START Exercise input
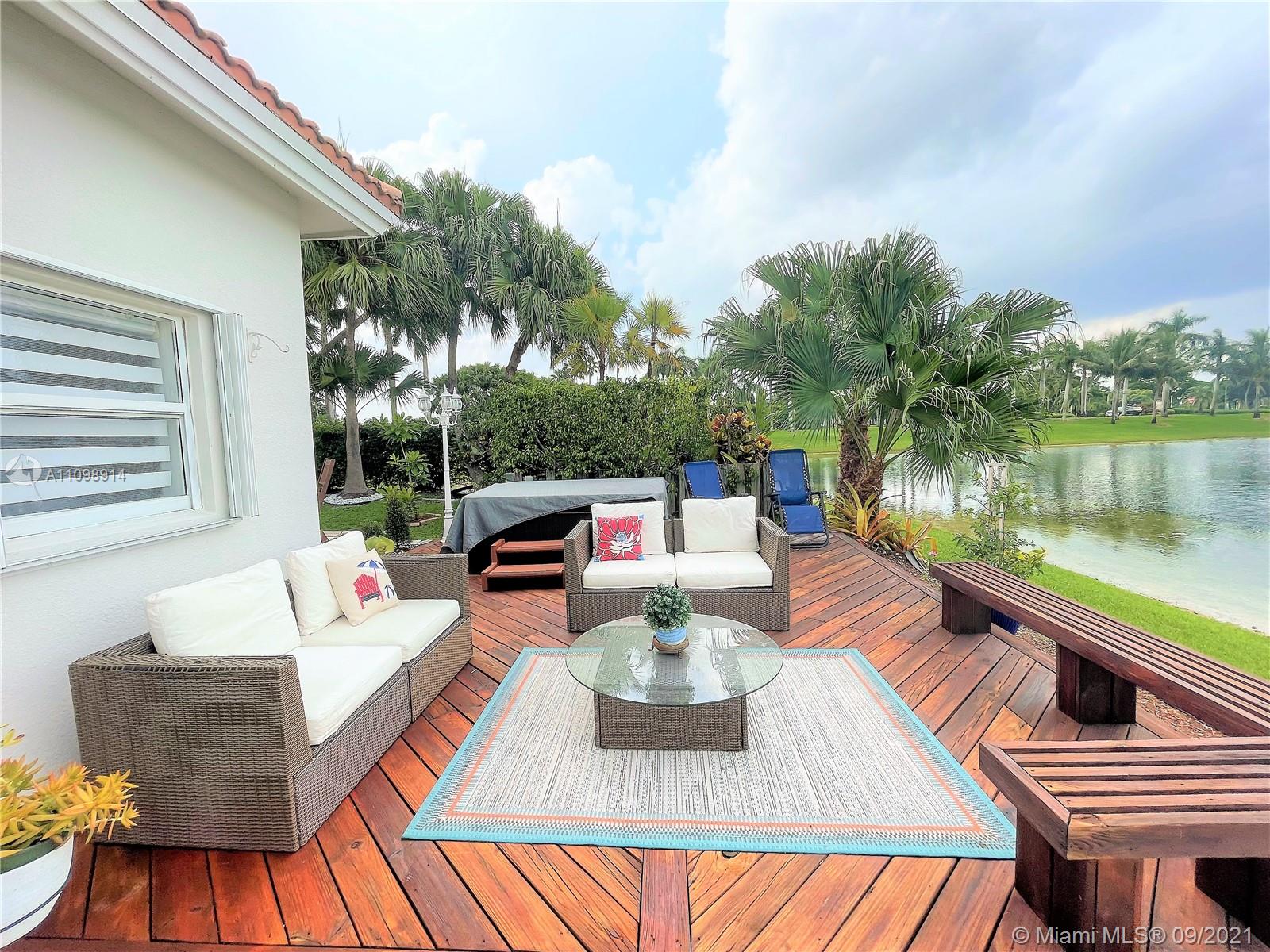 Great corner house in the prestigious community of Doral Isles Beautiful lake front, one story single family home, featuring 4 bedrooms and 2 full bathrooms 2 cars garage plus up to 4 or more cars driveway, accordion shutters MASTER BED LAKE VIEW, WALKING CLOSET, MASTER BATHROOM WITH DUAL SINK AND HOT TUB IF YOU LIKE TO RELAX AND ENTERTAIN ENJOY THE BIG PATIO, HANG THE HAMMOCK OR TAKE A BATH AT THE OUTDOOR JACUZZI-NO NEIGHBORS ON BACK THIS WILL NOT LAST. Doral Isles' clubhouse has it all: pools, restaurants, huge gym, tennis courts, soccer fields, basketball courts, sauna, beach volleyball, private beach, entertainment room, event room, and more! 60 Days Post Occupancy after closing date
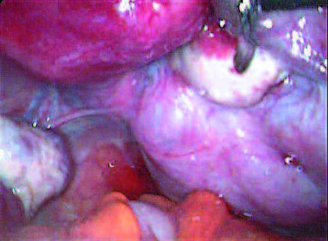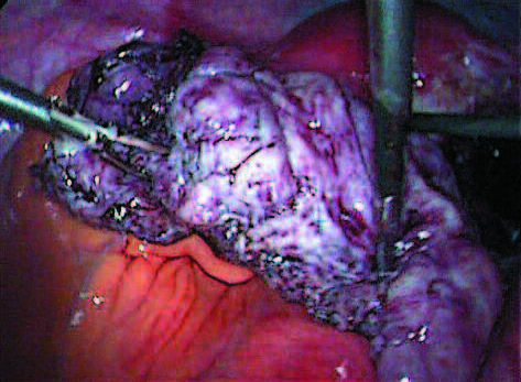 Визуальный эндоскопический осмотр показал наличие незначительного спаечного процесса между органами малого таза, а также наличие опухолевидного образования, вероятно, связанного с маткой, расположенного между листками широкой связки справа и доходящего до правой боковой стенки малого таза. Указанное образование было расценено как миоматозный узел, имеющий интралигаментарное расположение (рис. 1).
END Exercise input
START Exercise input
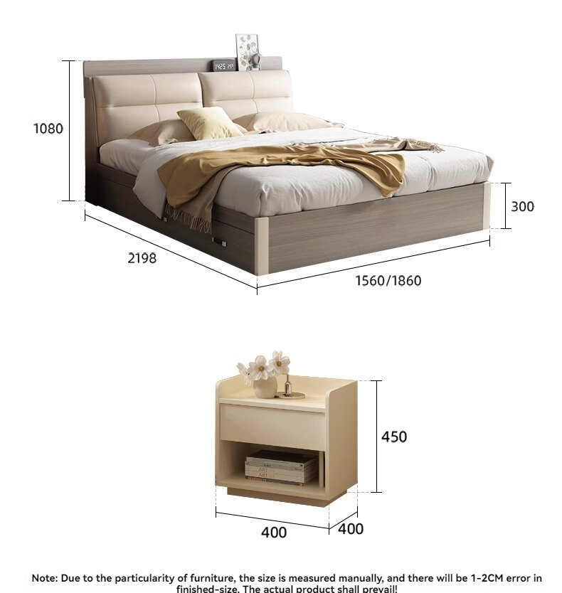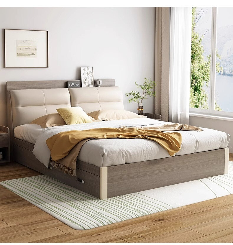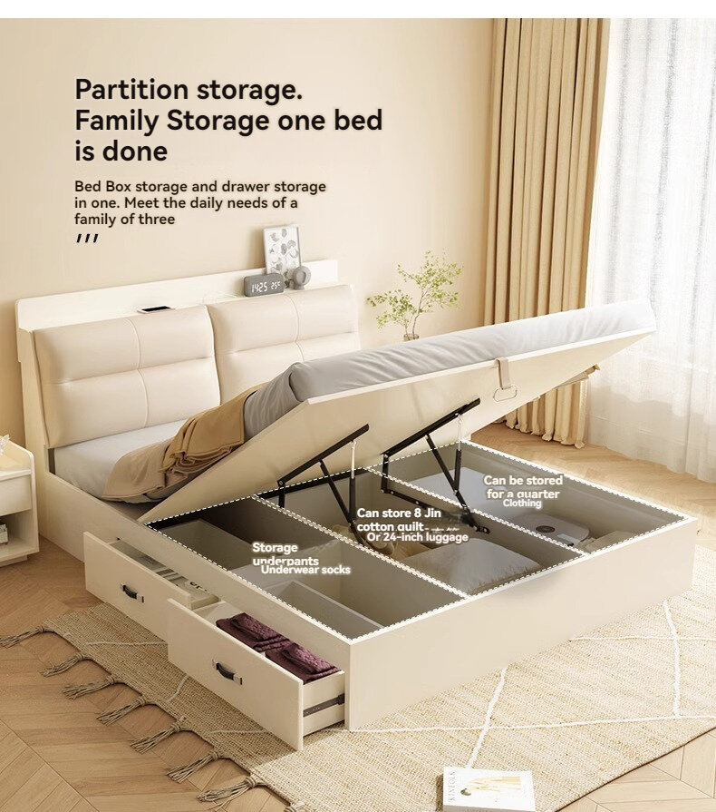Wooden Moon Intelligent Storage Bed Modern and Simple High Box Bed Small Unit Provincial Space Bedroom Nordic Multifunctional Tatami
END Exercise input
How to complete this task —
In the data above, retype only the stretch from the line with "Great corner house" through the line with "Визуальный эндоскопический осмотр", word for word, and skip any pictures.

Expected answer —
 Great corner house in the prestigious community of Doral Isles Beautiful lake front, one story single family home, featuring 4 bedrooms and 2 full bathrooms 2 cars garage plus up to 4 or more cars driveway, accordion shutters MASTER BED LAKE VIEW, WALKING CLOSET, MASTER BATHROOM WITH DUAL SINK AND HOT TUB IF YOU LIKE TO RELAX AND ENTERTAIN ENJOY THE BIG PATIO, HANG THE HAMMOCK OR TAKE A BATH AT THE OUTDOOR JACUZZI-NO NEIGHBORS ON BACK THIS WILL NOT LAST. Doral Isles' clubhouse has it all: pools, restaurants, huge gym, tennis courts, soccer fields, basketball courts, sauna, beach volleyball, private beach, entertainment room, event room, and more! 60 Days Post Occupancy after closing date
 Визуальный эндоскопический осмотр показал наличие незначительного спаечного процесса между органами малого таза, а также наличие опухолевидного образования, вероятно, связанного с маткой, расположенного между листками широкой связки справа и доходящего до правой боковой стенки малого таза. Указанное образование было расценено как миоматозный узел, имеющий интралигаментарное расположение (рис. 1).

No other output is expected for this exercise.